Despite the government of Myanmar attempting to censor copy thachin throughout its history, it can widely be heard today in many public spaces. Most copy thachin was released during the 1990s. However, it has seen a level of decline in recent years. This decline can be attributed to younger artists taking pride in making their own unique music, the influence of music producers who have taken a disliking to copy thachin, and stronger copyright law being passed into law under the military regime since 2019. For much of the country's history, the Copyright Act 1911 was the only copyright law relating to artistic and musical creations. The law didn't include any protections for foreign media, it wasn't until Burma joined the World Trade Organization and signed the TRIPS Agreement in 1994 that the nation began to enforce foreign copyrights.
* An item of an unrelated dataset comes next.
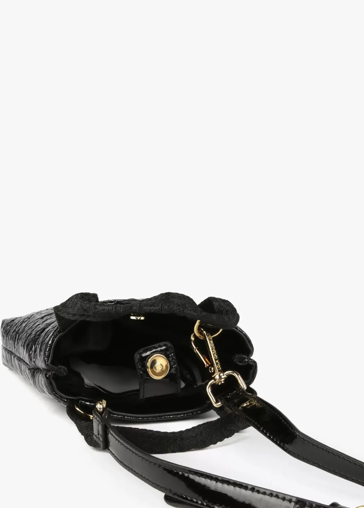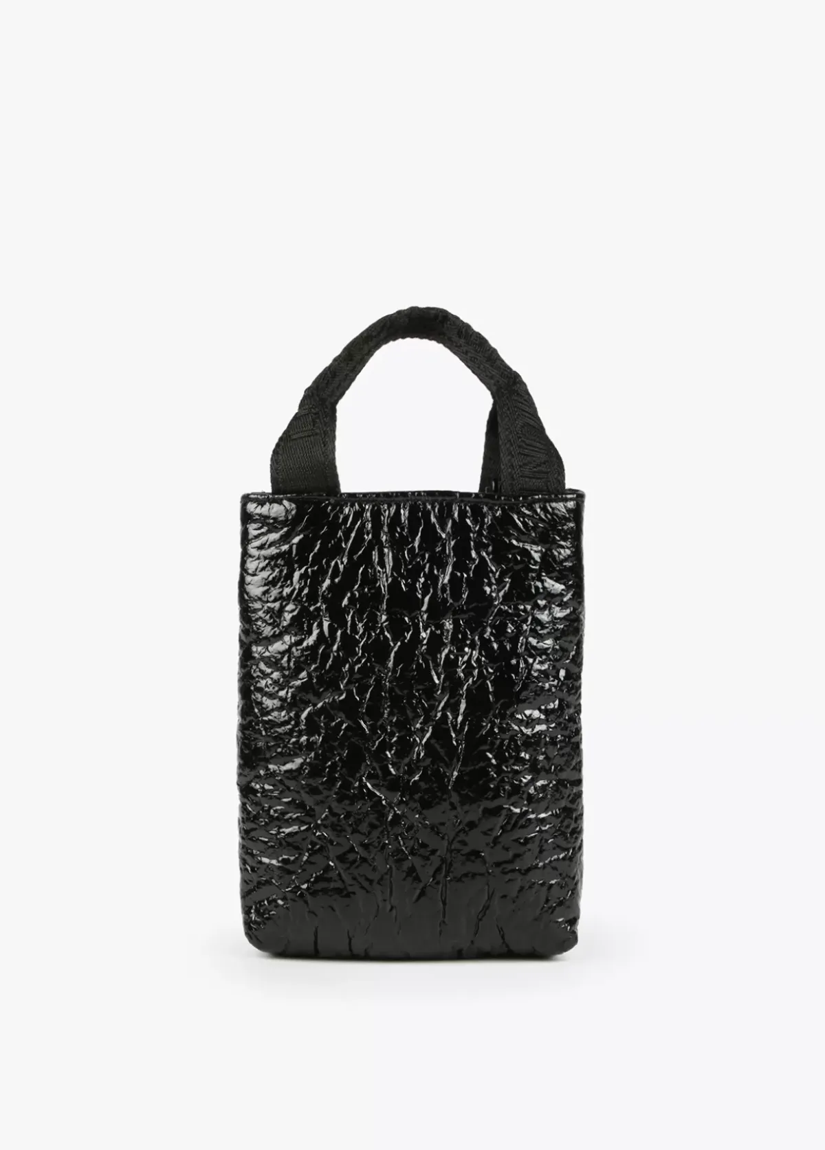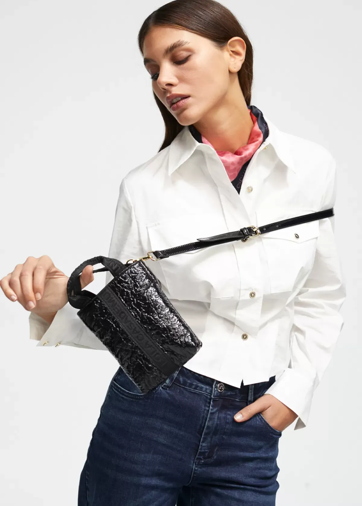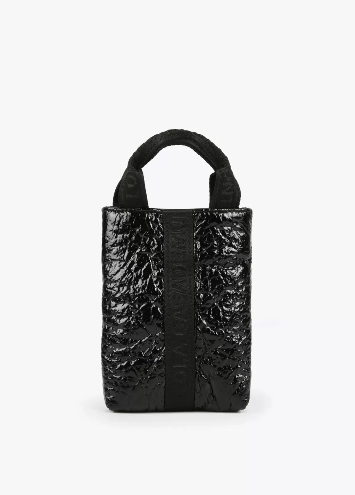 Bolsito porta móvil con asa de mano logotipada y asa bandolera extraíble y ajustable. Cierre con lengüeta y botón imantado.

There is a perceived stigma around copy thachin in modern-day Myanmar, as many musical critics and artists view it as embarrassing and as a cheap replication of original music.

== Examples ==
In the 1984 Burmese film, Achit Hlay starring Playboy Than Naing, he sings a song named "Sate Kuu Yin Eain Met" meaning "Fantasy Dream" in which the instrumental is directly taken from John Lennon's "Imagine". The title itself, "Fantasy Dream", is a reference to Lennon's 1980 album Double Fantasy. Naing Myanmar's "Kabar Ma Kyay Buu" is a copy thachin and protest song borrowing the composition of "Dust in the Wind" by American rock band Kansas.